■ **Task prompt**:
Taking the entries below, transcribe only the lines starting with the one with "Коренное отличие обобщенной" and going on through the one with "庫内を確認したところ、ガラス", exactly as written, without the pictures.

■ **Task data**:
BEGIN
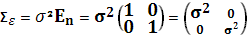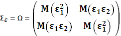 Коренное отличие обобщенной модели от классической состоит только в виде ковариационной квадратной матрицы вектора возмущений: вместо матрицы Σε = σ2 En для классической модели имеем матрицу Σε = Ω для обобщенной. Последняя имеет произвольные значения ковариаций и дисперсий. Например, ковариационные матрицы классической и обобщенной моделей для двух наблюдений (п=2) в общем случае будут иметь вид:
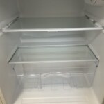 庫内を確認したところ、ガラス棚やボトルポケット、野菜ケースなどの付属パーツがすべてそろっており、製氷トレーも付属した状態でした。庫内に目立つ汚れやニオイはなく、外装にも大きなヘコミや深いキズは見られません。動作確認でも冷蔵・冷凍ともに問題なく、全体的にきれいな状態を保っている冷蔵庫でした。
END
BEGIN
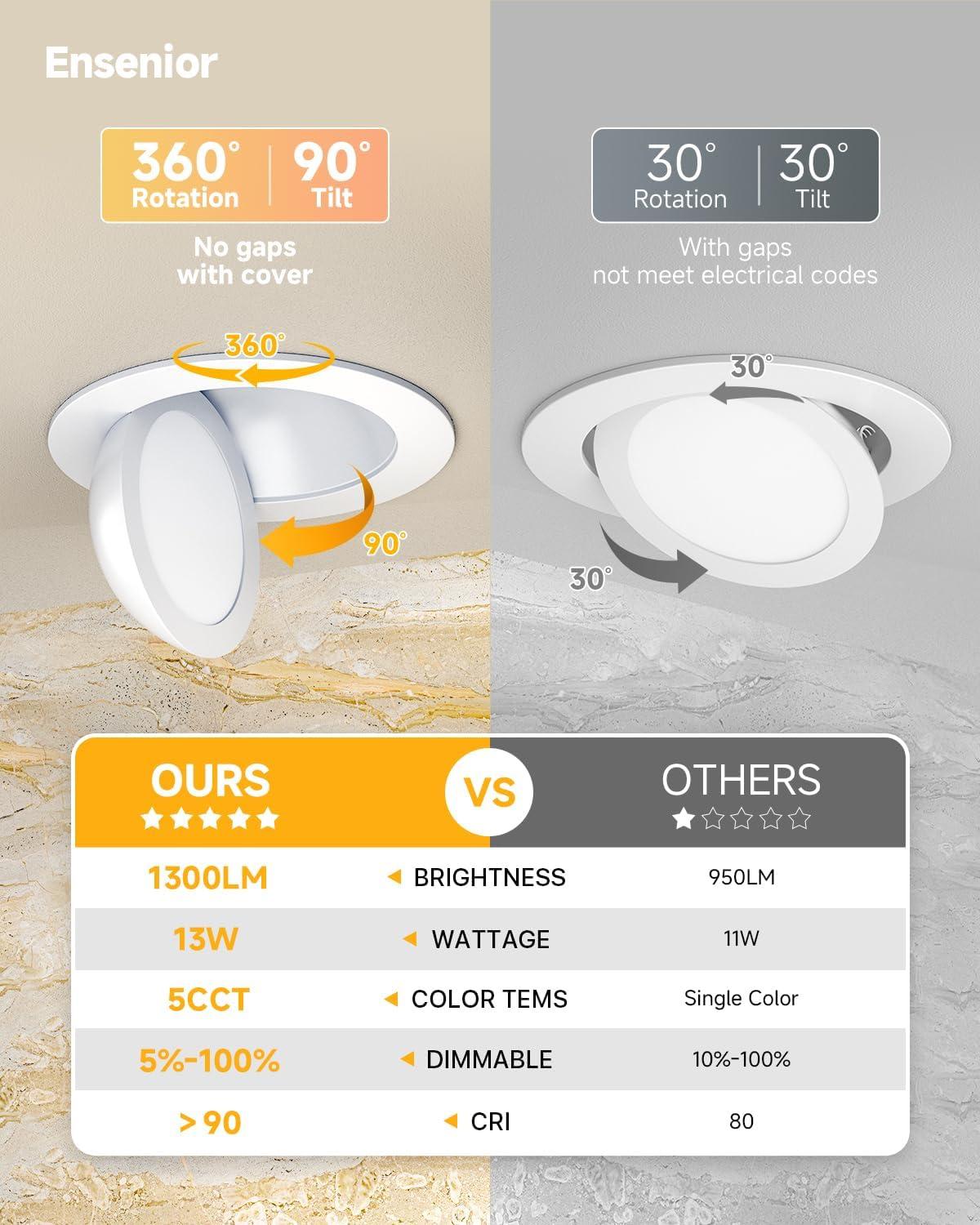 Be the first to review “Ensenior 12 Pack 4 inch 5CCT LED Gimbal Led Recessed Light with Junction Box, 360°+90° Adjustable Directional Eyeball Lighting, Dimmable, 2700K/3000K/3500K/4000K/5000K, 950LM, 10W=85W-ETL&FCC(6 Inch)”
END
BEGIN
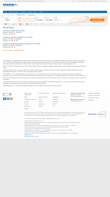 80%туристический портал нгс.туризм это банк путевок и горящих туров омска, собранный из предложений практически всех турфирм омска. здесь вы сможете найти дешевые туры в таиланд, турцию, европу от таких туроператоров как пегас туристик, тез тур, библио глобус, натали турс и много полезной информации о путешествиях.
END
■ **Exercise result**:
 Коренное отличие обобщенной модели от классической состоит только в виде ковариационной квадратной матрицы вектора возмущений: вместо матрицы Σε = σ2 En для классической модели имеем матрицу Σε = Ω для обобщенной. Последняя имеет произвольные значения ковариаций и дисперсий. Например, ковариационные матрицы классической и обобщенной моделей для двух наблюдений (п=2) в общем случае будут иметь вид:
 庫内を確認したところ、ガラス棚やボトルポケット、野菜ケースなどの付属パーツがすべてそろっており、製氷トレーも付属した状態でした。庫内に目立つ汚れやニオイはなく、外装にも大きなヘコミや深いキズは見られません。動作確認でも冷蔵・冷凍ともに問題なく、全体的にきれいな状態を保っている冷蔵庫でした。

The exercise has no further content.